**HOW TO COMPLETE THIS TASK**
Please copy every line from the records below that contains the string "look".

**GIVEN RECORDS**
━━━

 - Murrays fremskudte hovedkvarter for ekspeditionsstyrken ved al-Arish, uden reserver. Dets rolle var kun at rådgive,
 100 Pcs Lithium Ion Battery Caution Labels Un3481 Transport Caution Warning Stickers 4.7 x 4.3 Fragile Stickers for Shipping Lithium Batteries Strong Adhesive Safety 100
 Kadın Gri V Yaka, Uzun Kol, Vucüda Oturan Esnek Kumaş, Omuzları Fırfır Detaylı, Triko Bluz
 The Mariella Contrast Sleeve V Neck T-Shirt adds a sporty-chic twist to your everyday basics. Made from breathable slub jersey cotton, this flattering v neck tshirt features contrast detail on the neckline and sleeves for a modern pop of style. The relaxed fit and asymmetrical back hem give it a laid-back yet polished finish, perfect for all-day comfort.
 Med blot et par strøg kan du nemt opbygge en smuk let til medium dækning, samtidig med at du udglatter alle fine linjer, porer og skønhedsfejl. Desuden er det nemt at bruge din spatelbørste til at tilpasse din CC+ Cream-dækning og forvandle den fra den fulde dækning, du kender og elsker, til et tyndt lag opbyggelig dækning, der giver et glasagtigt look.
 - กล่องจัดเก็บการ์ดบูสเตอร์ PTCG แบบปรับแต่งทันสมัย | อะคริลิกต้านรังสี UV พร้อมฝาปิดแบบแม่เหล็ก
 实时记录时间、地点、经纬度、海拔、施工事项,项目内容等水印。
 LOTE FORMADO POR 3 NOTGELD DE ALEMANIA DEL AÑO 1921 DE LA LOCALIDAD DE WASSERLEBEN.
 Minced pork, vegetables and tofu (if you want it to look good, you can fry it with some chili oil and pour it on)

━━━

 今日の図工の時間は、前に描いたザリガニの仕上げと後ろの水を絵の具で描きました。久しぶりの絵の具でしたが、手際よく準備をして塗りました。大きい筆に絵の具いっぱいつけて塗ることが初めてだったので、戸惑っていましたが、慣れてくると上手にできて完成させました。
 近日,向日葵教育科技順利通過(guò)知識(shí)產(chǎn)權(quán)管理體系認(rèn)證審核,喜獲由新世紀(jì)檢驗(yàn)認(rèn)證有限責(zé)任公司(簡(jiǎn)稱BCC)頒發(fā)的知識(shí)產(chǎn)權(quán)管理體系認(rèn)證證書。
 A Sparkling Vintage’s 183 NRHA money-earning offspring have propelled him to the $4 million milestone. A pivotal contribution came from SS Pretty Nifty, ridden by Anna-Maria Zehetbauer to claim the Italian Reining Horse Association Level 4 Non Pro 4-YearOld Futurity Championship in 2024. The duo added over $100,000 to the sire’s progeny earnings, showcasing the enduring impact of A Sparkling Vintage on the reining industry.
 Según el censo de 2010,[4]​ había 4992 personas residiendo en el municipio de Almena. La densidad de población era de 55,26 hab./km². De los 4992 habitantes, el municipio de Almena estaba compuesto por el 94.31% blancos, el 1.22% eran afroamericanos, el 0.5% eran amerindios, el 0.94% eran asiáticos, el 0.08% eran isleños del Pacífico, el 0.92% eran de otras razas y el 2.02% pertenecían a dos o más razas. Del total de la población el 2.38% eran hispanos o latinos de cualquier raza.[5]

━━━

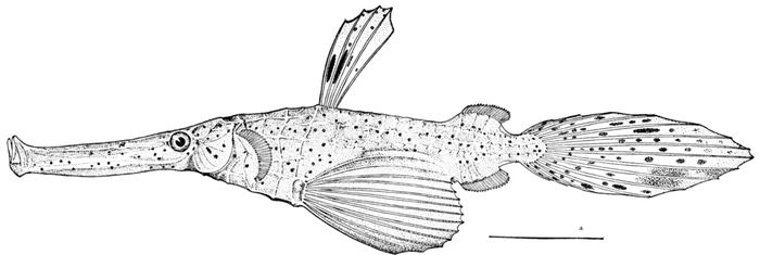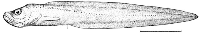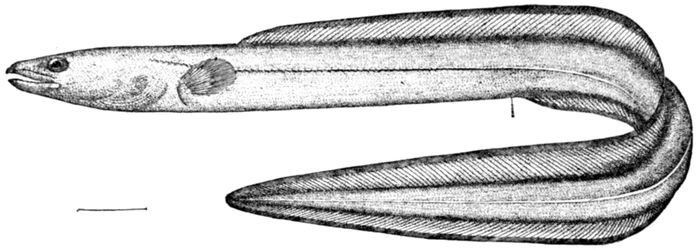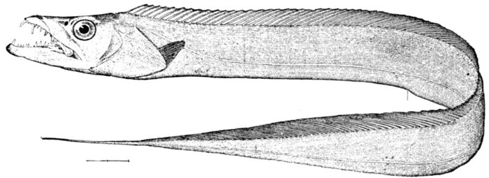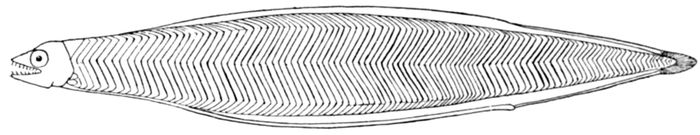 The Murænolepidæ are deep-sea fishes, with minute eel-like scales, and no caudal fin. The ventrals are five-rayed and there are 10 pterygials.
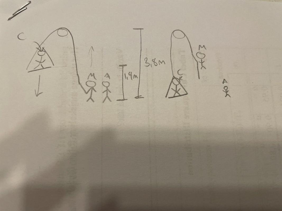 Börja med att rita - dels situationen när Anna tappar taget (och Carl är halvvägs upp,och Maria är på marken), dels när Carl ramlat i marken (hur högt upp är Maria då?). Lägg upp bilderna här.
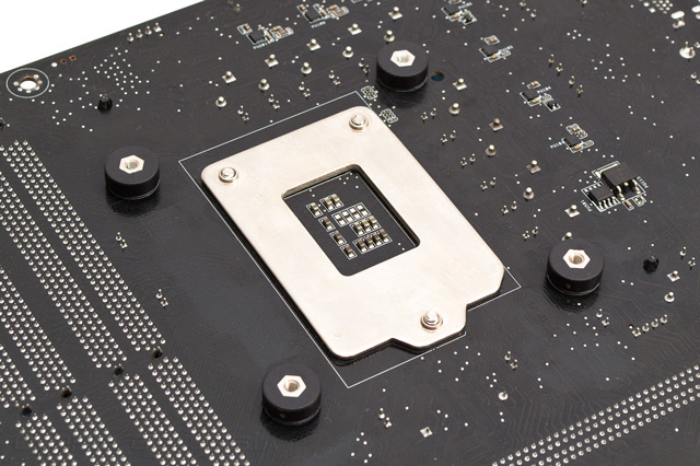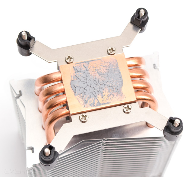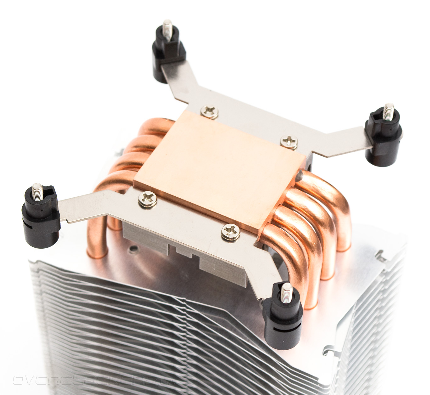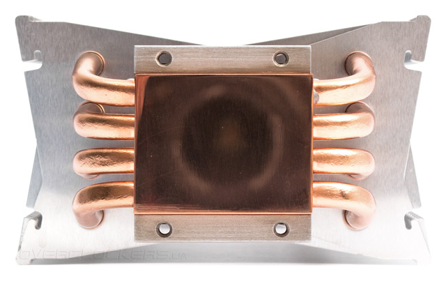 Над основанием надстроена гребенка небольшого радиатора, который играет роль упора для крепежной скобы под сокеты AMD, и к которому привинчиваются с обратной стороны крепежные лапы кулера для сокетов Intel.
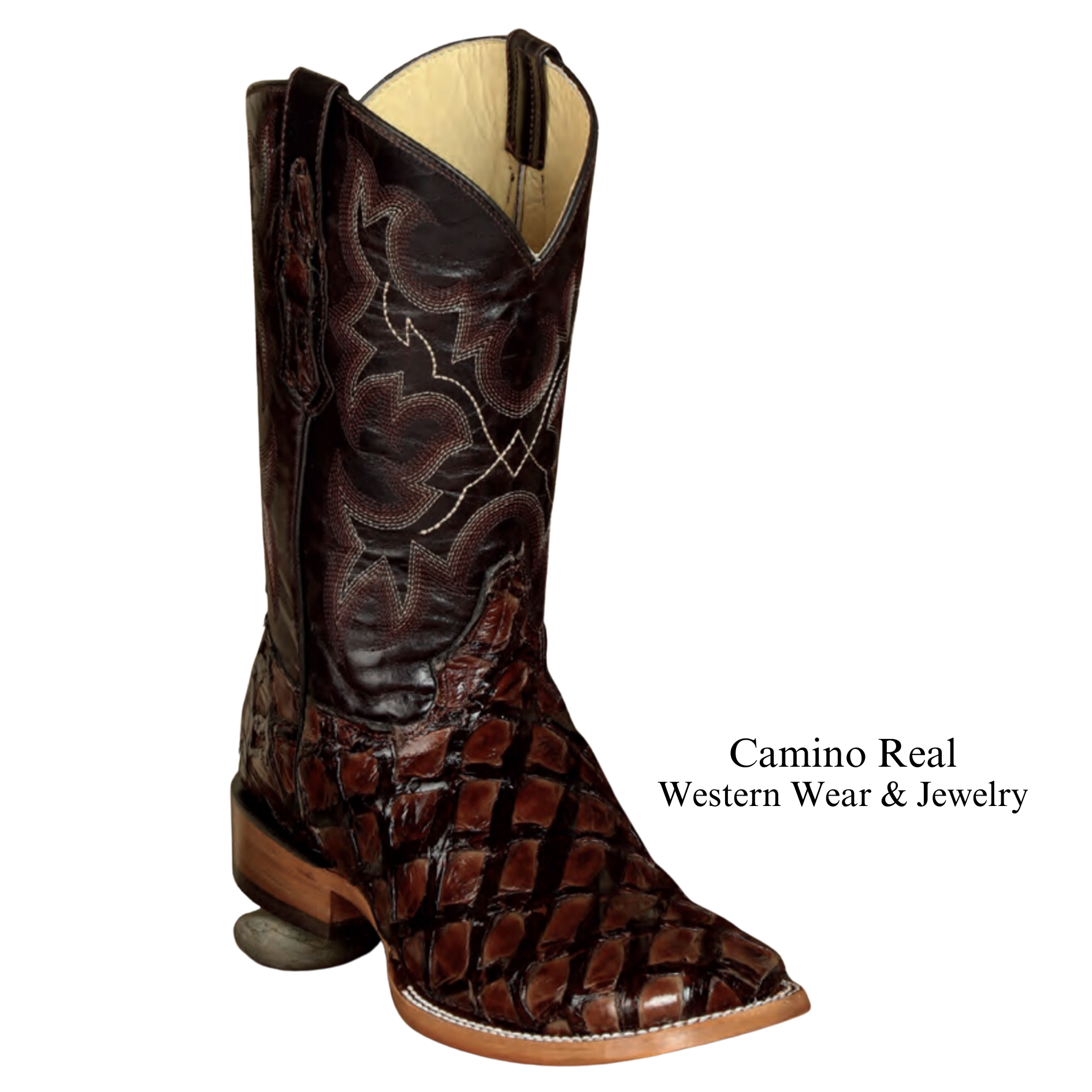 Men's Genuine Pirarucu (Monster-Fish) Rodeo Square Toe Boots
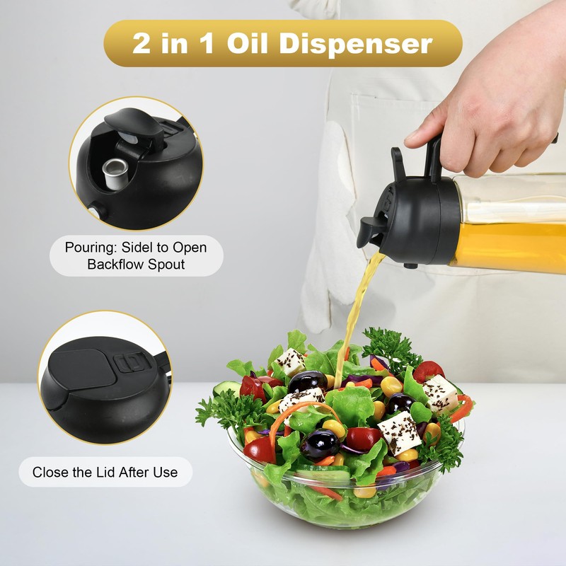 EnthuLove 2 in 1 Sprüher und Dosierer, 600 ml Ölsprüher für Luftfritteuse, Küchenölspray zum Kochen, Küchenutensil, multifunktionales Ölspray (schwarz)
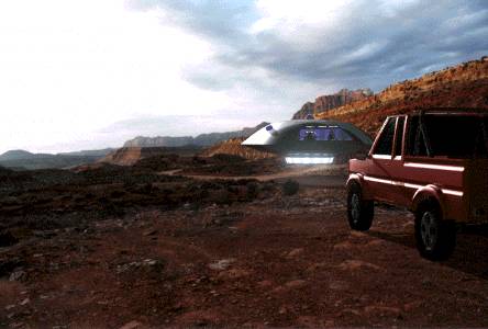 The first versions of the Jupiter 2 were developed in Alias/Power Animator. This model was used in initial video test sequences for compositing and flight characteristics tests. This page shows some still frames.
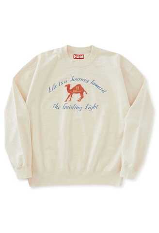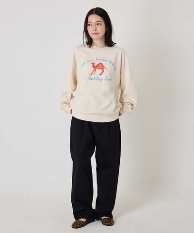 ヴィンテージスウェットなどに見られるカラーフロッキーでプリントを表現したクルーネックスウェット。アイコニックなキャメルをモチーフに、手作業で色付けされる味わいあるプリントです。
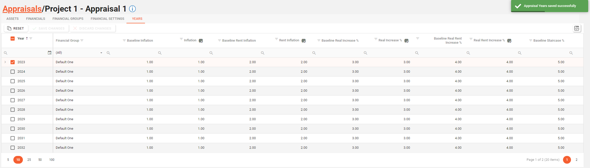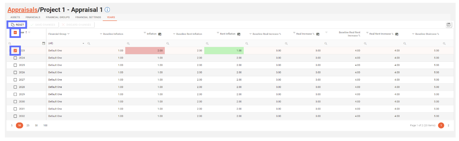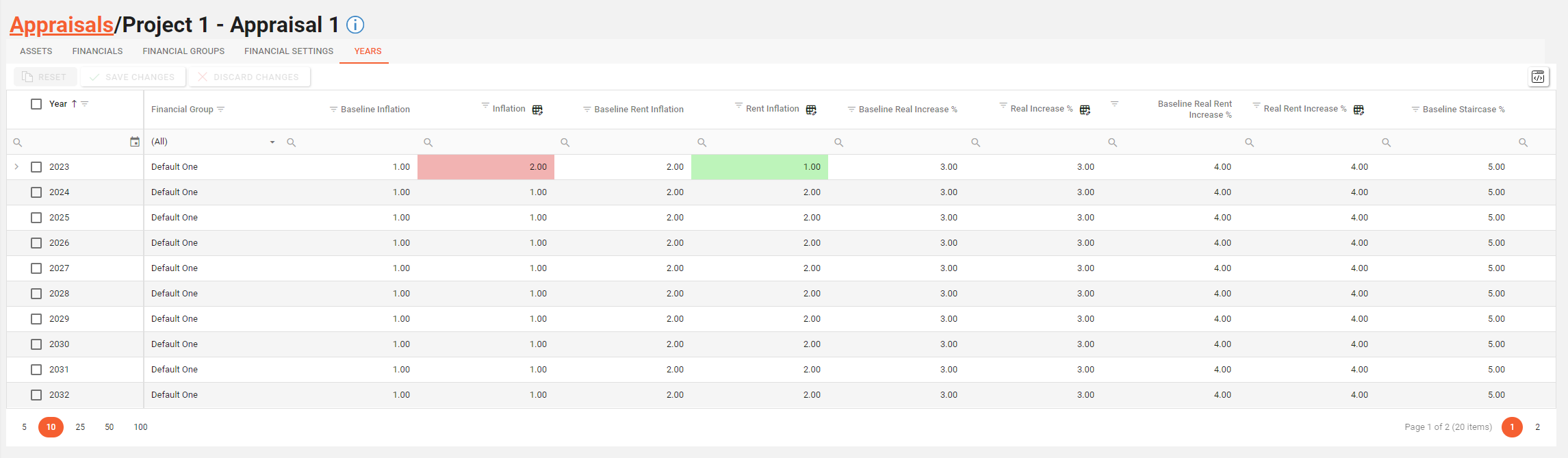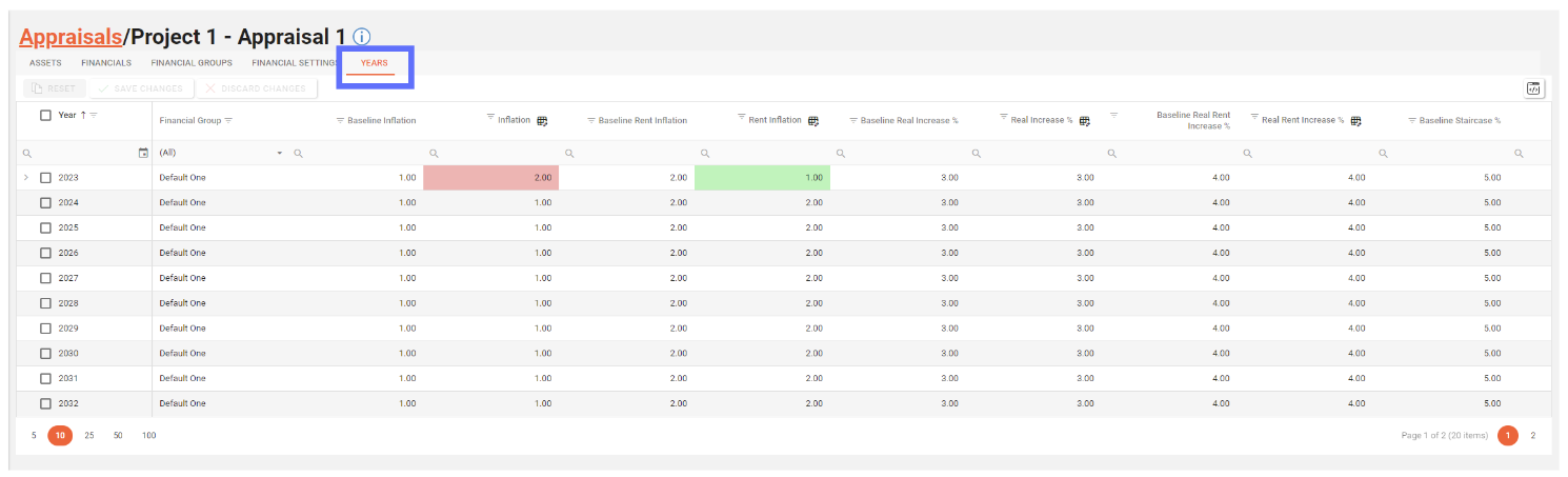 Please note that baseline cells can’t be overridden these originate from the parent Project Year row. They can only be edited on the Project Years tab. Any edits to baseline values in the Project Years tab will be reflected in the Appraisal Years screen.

━━━

**OUTPUT OF THE TASK**
 Med blot et par strøg kan du nemt opbygge en smuk let til medium dækning, samtidig med at du udglatter alle fine linjer, porer og skønhedsfejl. Desuden er det nemt at bruge din spatelbørste til at tilpasse din CC+ Cream-dækning og forvandle den fra den fulde dækning, du kender og elsker, til et tyndt lag opbyggelig dækning, der giver et glasagtigt look.
 Minced pork, vegetables and tofu (if you want it to look good, you can fry it with some chili oil and pour it on)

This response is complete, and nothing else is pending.